Clinical manifestations

Presentation and course

Myoclonus epilepsy with ragged-red fibers (MERRF) is a multisystem disorder traditionally characterized by (1) myoclonus, (2) generalized epilepsy, (3) ataxia, and (4) myopathy with ragged-red fibers in the muscle biopsy (26).

Onset of the disease is usually in childhood and adolescence after normal psychomotor early development, but it is also possible in adulthood. About 80% of patients have a family history of mitochondrial encephalomyopathy, although not always full-blown MERRF (30). Oligosymptomatic and asymptomatic maternal relatives in MERRF pedigrees are frequently detected. Occasional patients that fulfill the clinical criteria for MERRF also may have additional neurologic manifestation such as migraine (70), hearing impairment, and peripheral neuropathy. Several individuals with depressive mood disorders have been reported.

Among non-neurologic manifestations, cardiac involvement and lipomatosis are frequent. Cardiopathy is common in MERRF and may require medical treatment; in a study of 18 patients with the m.8344A>G mutation, eight had cardiac involvement (dilated cardiopathy in four, Wolff-Parkinson-White syndrome in three, partial cardiac conduction block in one), and two died of heart failure (71). An Italian study showed that cardiac involvement was observed in 53% of 15 m.8344A>G MERRF patients, and a restrictive respiratory insufficiency requiring ventilatory support was observed in about half of the patients (10). Lipomatosis may be observed in adult MERRF patients, most commonly in the cervical region (14). Massive lipomas have also been reported.

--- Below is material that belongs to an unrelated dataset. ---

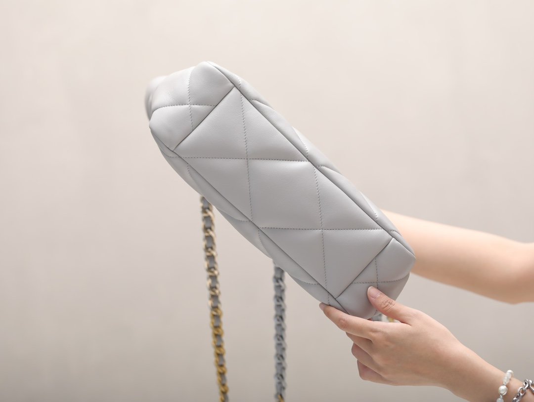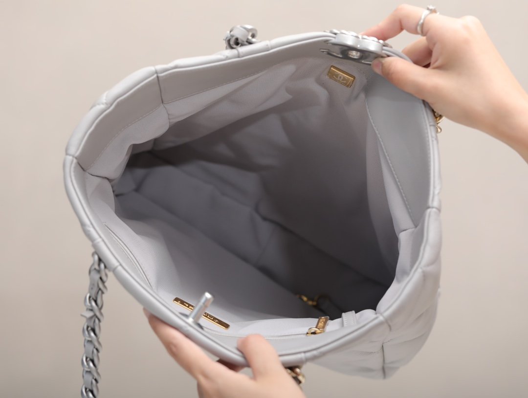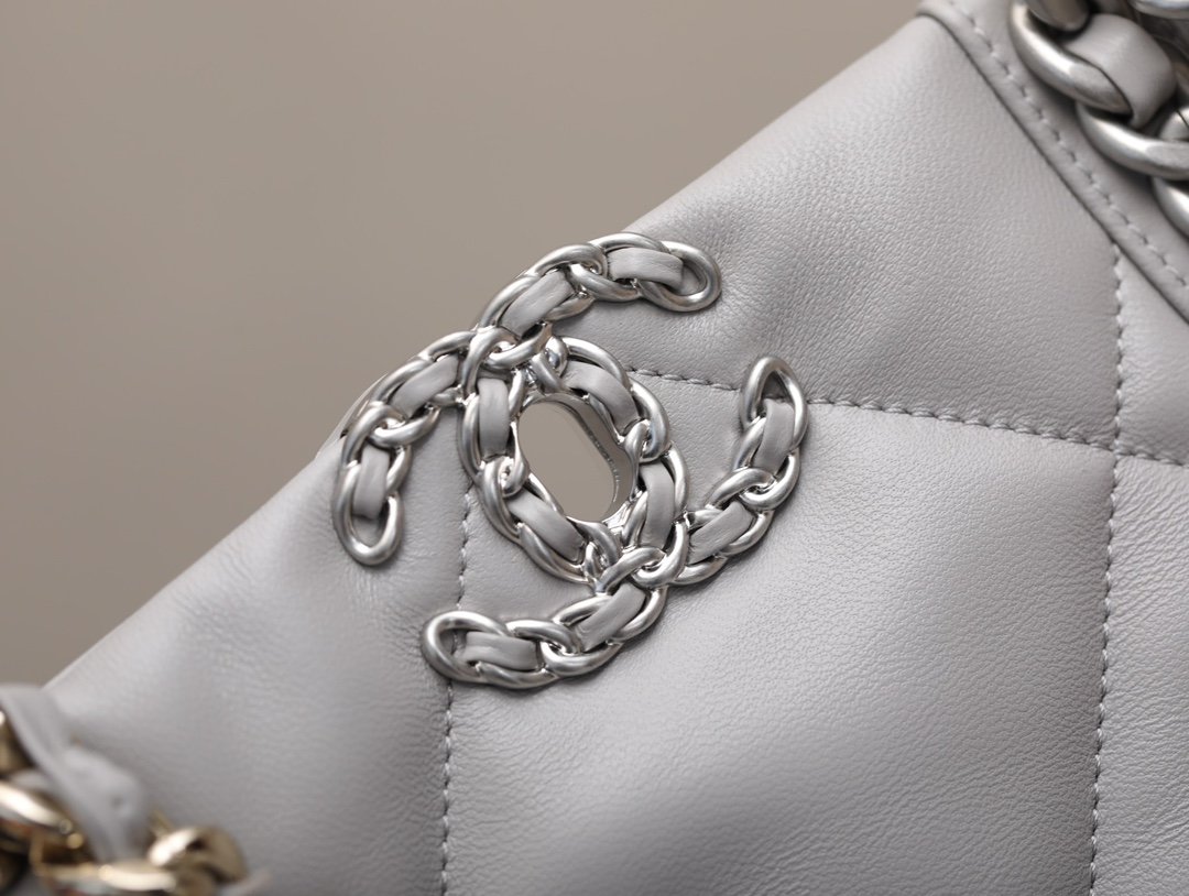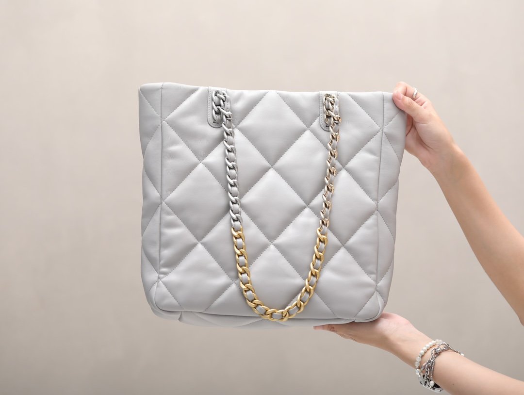Chanel 2022B 19 shopping bag spottingnn22B the hottest is the 19 shopping bag is none other than it nn distinctive design big chain fashion splicing sense nn plus original lambskin bring the texture nn invincible must enter nn Hardware: antique silver, antique gold, ruthenium color n Leather: the open material department 𝚉 𝙿 Mixed Lambskinn Size: 𝟹𝟶*𝟹𝟽*𝟷𝟶 𝚌𝚖

Maternally inherited spinocerebellar degeneration, atypical Charcot-Marie-Tooth disease, and Leigh disease have been reported as unusual manifestations in a MERRF pedigree (31). One patient presented with parkinsonism without myoclonus, epilepsy, or ataxia (32), and a child presented with acute demyelination in the central and peripheral nervous system (24). A MERRF-resembling case of adolescent-onset and slowly progressive mitochondrial encephalomyopathy with epilepsy, ataxia, and dystonia in the absence of clinical myopathy, caused by a rare mutation in the MT-TW gene, was reported (72).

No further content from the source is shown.